California’s secret weapon in COVID-19 success: Residents less skeptical about vaccines
A number of factors have fueled California’s remarkable turnaround from national epicenter of the COVID-19 pandemic to having one of the lowest case rates in the U.S.
But one weapon in its arsenal has gone largely unnoticed: Californians’ general embrace of COVID-19 vaccines, relative to residents of other states.
Federal data indicate only about 11% of Californians are estimated to be vaccine hesitant, a lower rate than all but four states: Massachusetts, Vermont, Connecticut and Hawaii.
This relative lack of reluctance has undoubtedly been a boon for the state’s inoculation campaign — though a Los Angeles Times analysis shows Californians in some of the state’s conservative rural areas remain more disinclined to get the shots than their urban-dwelling neighbors.
According to estimates from U.S. Department of Health and Human Services, which are based on survey data from the U.S. Census Bureau, the seven California counties pegged as being most dubious toward the COVID-19 vaccines are Yuba, Del Norte, Plumas, Modoc, Siskiyou, Lassen and Kings.
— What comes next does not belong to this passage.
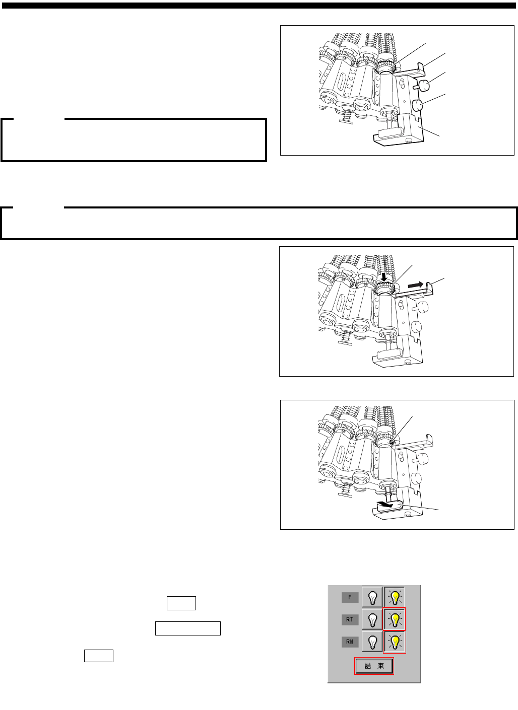 ④ 确认小齿轮架在控制杆部的上部,并拧进吸嘴相位调整治具的螺丝

The share of those counties’ populations estimated to be vaccine hesitant — meaning they either would probably not or definitely not receive a COVID-19 vaccine when available — ranged from 14% to 16%.
By comparison, the rates in the least hesitant of California's 58 counties — San Francisco, Marin, San Mateo, Santa Clara, Contra Costa, Orange and Alameda — were between 7% and 9%, federal estimates show. The federal estimates put Sonoma and Napa counties at 10% and Mendocino and Lake counties at 14%. Those numbers are lower than a recent North Bay Council survey with different methodology that showed a hesitancy rate for a group of counties including Sonoma, Marin, Napa and Solano counties as high as 23%.
Officials and experts say there’s no one overriding reason why certain groups or individuals might be more dubious about the doses than others. Some may be skeptical for political reasons or because of deep-rooted distrust in the healthcare systems that have long overlooked or underserved them.
Other people may just be uncomfortable with the seeming speed at which the vaccines were developed.
In Los Angeles County, where an estimated 11% of the population may be vaccine hesitant, Public Health Director Barbara Ferrer said she doesn’t think it’s unreasonable that people may be “looking for more information before they make up their minds about when and if to get vaccinated, who want to better understand safety issues and concerns.”
“They want to make sure they understand, ʽWhy bother getting vaccinated? What’s the effectiveness of this?’” she said during a recent briefing.
There are signs that interest in the vaccine has waned recently in the county. There was a 50% drop in first dose appointments this past week, Ferrer said, and city officials announced Friday that the Dodger Stadium vaccination site — one of the largest in the country — would close by the end of May.
That some people may be more reluctant to get vaccinated isn’t a surprise, officials and experts say. A segment of the population has long been resistant, or outwardly hostile, to all manner of inoculations, and that probably won’t change, even in the face of a pandemic.
While it’s doubtful the entire population will ever be fully vaccinated against COVID-19, health experts have said a smaller but still significant share — usually estimated at 80% or higher — is what’s needed to achieve herd immunity, the threshold at which enough people are shielded against transmission that the coronavirus is unlikely to spread.
Too many people refusing to get vaccinated would lengthen California’s trek toward widespread protection. And with the vaccine rollout entering its fifth month, there are concerns that those who were eager to roll up their sleeves may have already been vaccinated, leaving a much harder task ahead: persuading those who are less willing to get a shot.
Even if the state reaches herd immunity, there is a fear that high numbers of vaccine holdouts in particular communities would still give the coronavirus ample opportunities to spread, further prolonging the pandemic.
“We cannot hide behind what the average number is. We have to look at our pockets” where transmission could remain, said Dr. Robert Kim-Farley, a medical epidemiologist and infectious disease expert and a professor at UCLA Fielding of Public Health.
Though officials caution against reading too much into small geographical differences, the estimated hesitancy lists do line up neatly — though not entirely — with county-level vaccine coverage in California.